Quantum computing and AI acceleration
Quantum computing promises exponential acceleration of currently intractable multi-omics analyses through specialized algorithms that harness quantum superposition and entanglement. Quantum-enhanced molecular docking simulations have reduced KRAS inhibitor discovery from months to days, with hybrid quantum-classical algorithms identifying novel allosteric binders exhibiting 18-fold higher affinity than sotorasib [82]. Grover-optimized genomic search algorithms now screen 1.3 billion somatic variants in under 9 min, enabling real-time identification of neoantigens during surgical procedures [82]. QML methods are being explored to accelerate certain computational tasks (e.g., optimization and approximate inference), and preliminary work reports improvements in specific simulation benchmarks; however, current quantum devices (NISQ era) remain limited in scale and practical clinical benefits are not yet demonstrated [82, 83]. Despite these advances, substantial barriers persist: current noisy intermediate-scale quantum (NISQ) devices exhibit qubit coherence times below 500 µs, restricting complex omics simulations to under 100 qubits [82]. The prohibitive cost of quantum access ($6,000/hour for IBM Cloud quantum resources) further limits clinical translation [82]. Near-term solutions include quantum-inspired tensor networks that simulate 53-qubit systems on classical hardware, achieving 97% concordance with actual quantum processors for transcriptomic dimensionality reduction [82, 83]. The Quantum-HyperFold consortium is developing specialized quantum biosensors using nitrogen-vacancy centers in diamonds that detect single-molecule protein interactions, potentially enabling liquid biopsy detection limits below 10− 18 [82].

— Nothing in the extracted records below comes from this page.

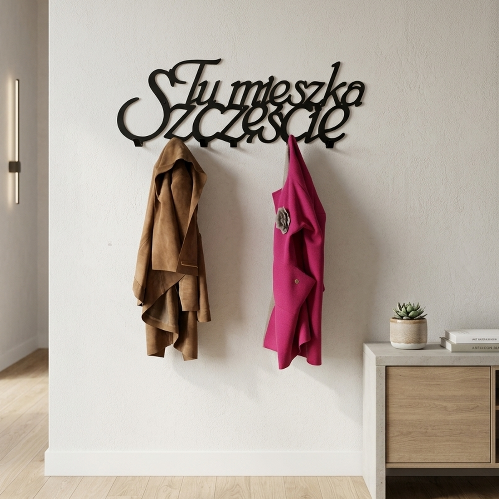 Każdy wieszak na ścianę Tu mieszka szczęście jest precyzyjnie wycinany laserowo z wysokiej jakości metalu o grubości 2mm (4x grubszy od karoserii samochodowej, która ma ok. 0,5mm grubości), co zapewnia perfekcyjne odwzorowanie liter i detali dekoracyjnych. Technologia cięcia laserowego gwarantuje niezwykłą dokładność, dzięki czemu napis jest wyraźny, estetyczny i dopracowany w każdym szczególe. Następnie wieszak jest wykończony metodą malowania proszkowego, która nadaje mu gładką, elegancką powierzchnię i zapewnia wyjątkową trwałość. Powłoka proszkowa chroni przed zarysowaniami, korozją i blaknięciem kolorów, dzięki czemu wieszak na kurtki zachowuje swój piękny wygląd przez długie lata, nawet przy intensywnym użytkowaniu.
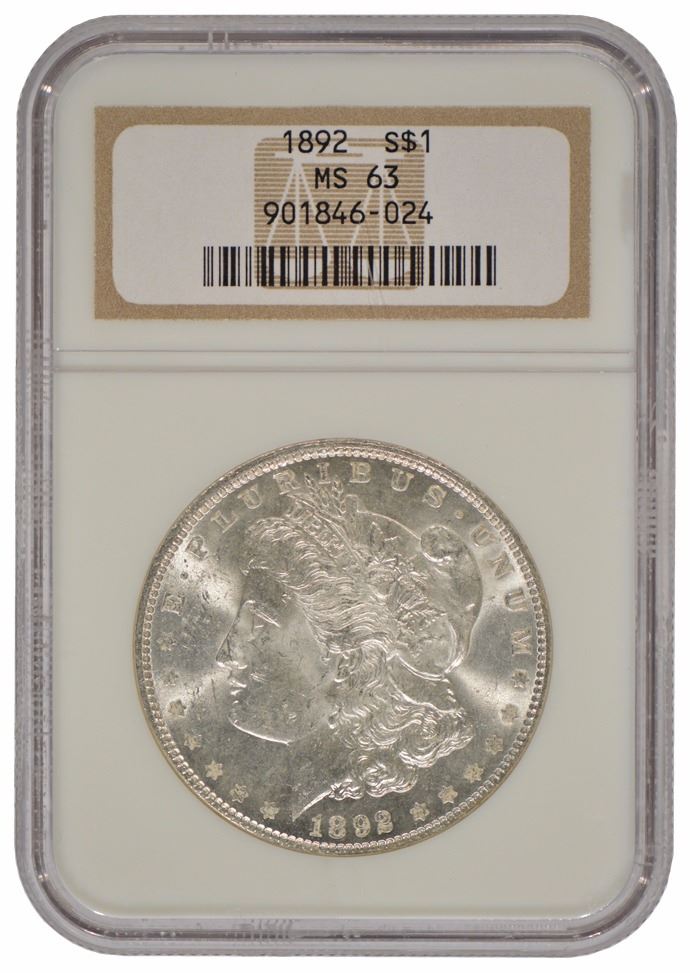 One 1892 $1 Morgan Silver Dollar Coin PCGS MS63.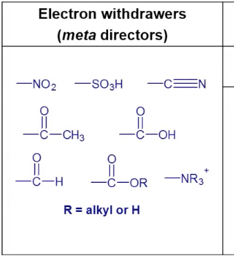 electron withdrawers ( meta directors )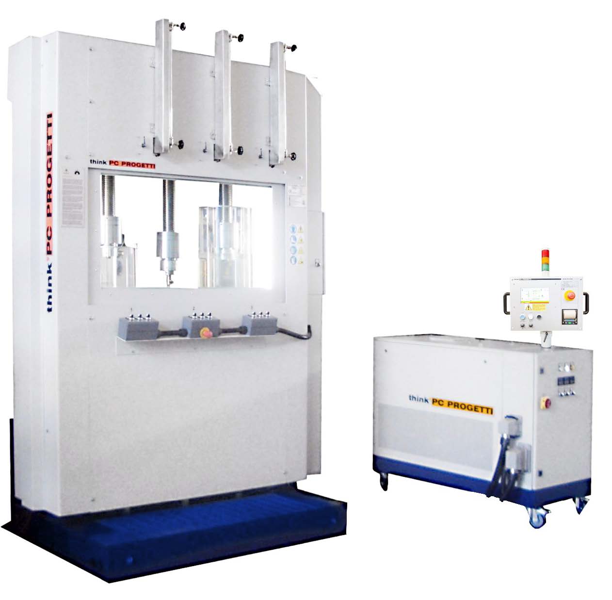 Il banco è composto da 3 stazioni di prova verticali con serraggio combinato.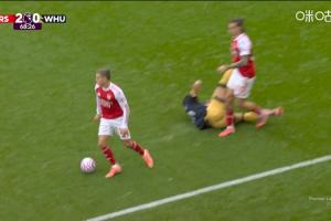 24直播网10月04日讯 英超第7轮,阿森纳vs西汉姆联。比赛第69分钟,帕奎塔倒地后蹬踹卡拉菲奥里,被出示黄牌。

Patient-driven “N-of-1” adaptive models
“N-of-1” adaptive AI frameworks aim to personalize therapy by integrating longitudinal patient-specific omics and clinical data to iteratively inform treatment decisions; pilot platforms show potential improvements in selected cohorts, but broader generalizability and prospective randomized evidence are currently limited and need rigorous evaluation. The WINGPO trial platform employs deep reinforcement learning to personalize drug combinations based on longitudinal ctDNA, proteomics, and digital pathology, demonstrating 34% progression-free survival improvement in treatment-refractory cancers through real-time adaptation [74]. Autonomous AI agents now process patient-generated health data from wearables and home biosensors, detecting cytokine release syndromes 48 h before clinical manifestation via subtle metabolomic shifts in sweat biomarkers (IL-6 correlation: r = 0.89) [72, 84]. Ethical and practical challenges remain significant, however: physician surveys reveal 78% concern regarding algorithmic transparency when explaining N-of-1 recommendations to patients [71]. The RESPONS-AI framework addresses this through counterfactual explanation generators that visualize therapeutic decision pathways as interactive molecular interaction maps [71, 84]. Emerging patient-centric applications include “digital twin” avatars that simulate individual tumor evolution under thousands of virtual therapeutic conditions, reducing adverse event risk by 41% in phase I trials [74, 84]. Federated N-of-1 networks now aggregate these individualized insights while preserving privacy, creating collective intelligence systems that accelerate discovery of rare resistance mechanisms [72, 74].
Conclusion
The integration of AI with multi-omics data heralds a paradigm shift in precision oncology, transforming the deluge of molecular, spatial, and clinical data into actionable insights for personalized cancer care. As this review has articulated, AI-driven frameworks, from GNNs capturing cross-omics dependencies to transformers harmonizing heterogeneous data streams, are uniquely equipped to decode cancer’s multidimensional complexity. Some studies report promising results, for example, integrated omics classifiers have shown improved discrimination in pancreatic cancer cohorts and longitudinal multi-omics can detect evolving resistance signatures earlier than imaging in select datasets, but these findings are heterogeneous and require multi-center prospective validation before generalization.
Yet the journey from algorithmic innovation to clinical impact demands continued collaboration across disciplines. Persistent challenges, data scarcity in underrepresented populations, model generalizability across healthcare systems, ethical governance of adaptive AI, and computational scalability, require concerted solutions. Federated learning, spatial multi-omics, quantum computing, and patient-centric N-of-1 models represent the vanguard of this evolution, promising to resolve tumor heterogeneity at single-cell resolution, accelerate therapeutic discovery, and democratize precision oncology globally.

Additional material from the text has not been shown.